I regret that details of their salaries cannot be obtained in the time available.
The text of the letter requested that a protecting power be appointed to help to arrange the temporary evacuation of the civilian population of the Falkland Islands under the terms of the Geneva Convention. It also requested the immediate despatch to Port Stanley of an observer from that power.
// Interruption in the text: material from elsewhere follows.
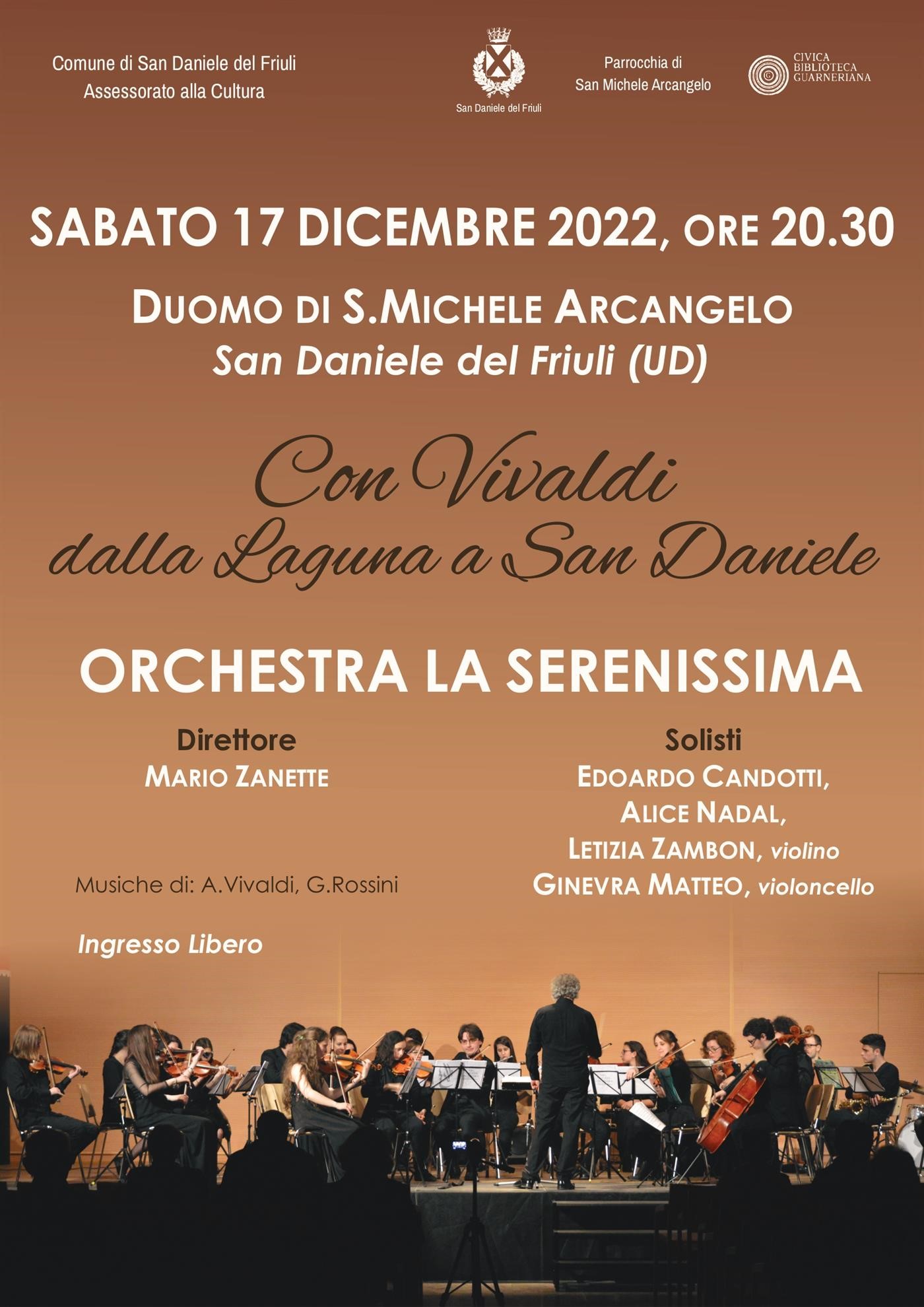 L’amministrazione comunale di San Daniele è lieta di invitarvi, sabato 17 dicembre 2022 alle ore 20.30 presso il Duomo di San Michele Arcangelo, al concerto di Natale a cura dell’Orchestra La Serenissima: Con Vivaldi dalla Laguna a San Daniele.

I do not propose to reply formally to the letter until I have received it. However, I have already made it clear in the House that we would of course be ready to consider sympathetically assistance to Islanders who express their wish to be evacuated from what could become a combat zone.
§ Mr. Teddy Taylor
asked the Secretary of State for Foreign and Commonwealth Affairs what area of sea around the Falkland Islands is protected for fishing purposes; and what agreements have been made to permit vessels of other nations to fish in these waters.
§ Mr. Onslow
The Falkland Islands have a 3-mile territorial sea over which they haveinter alia fishing jurisdiction. Other nations at present fish outside the 3-mile limit which are high seas; and there are thus no restrictions on fishing.
§ Mr. Teddy Taylor
asked the Secretary of State for Foreign and Commonwealth Affairs what information he has about the potential for oil development in the territorial waters of the Falkland Islands; if there have been any indications of mineral deposits on the islands themselves; and if he will make a statement.
§ Mr. Onslow
Available information on the hydrocarbons potential of the Falkland Islands is sparse and based on broad grid seismic surveys. While the detailed conclusions of these surveys are commercially confidential, there are areas around the Falkland Islands which appear to contain sedimentary layers of a sufficient thickness and appropriate structure both to generate and contain hydrocarbons, though this has not been confirmed by drilling.
The Falkland Islands themselves are believed to contain no hydrocarbons and surveys have shown no metalliferous minerals of economic value.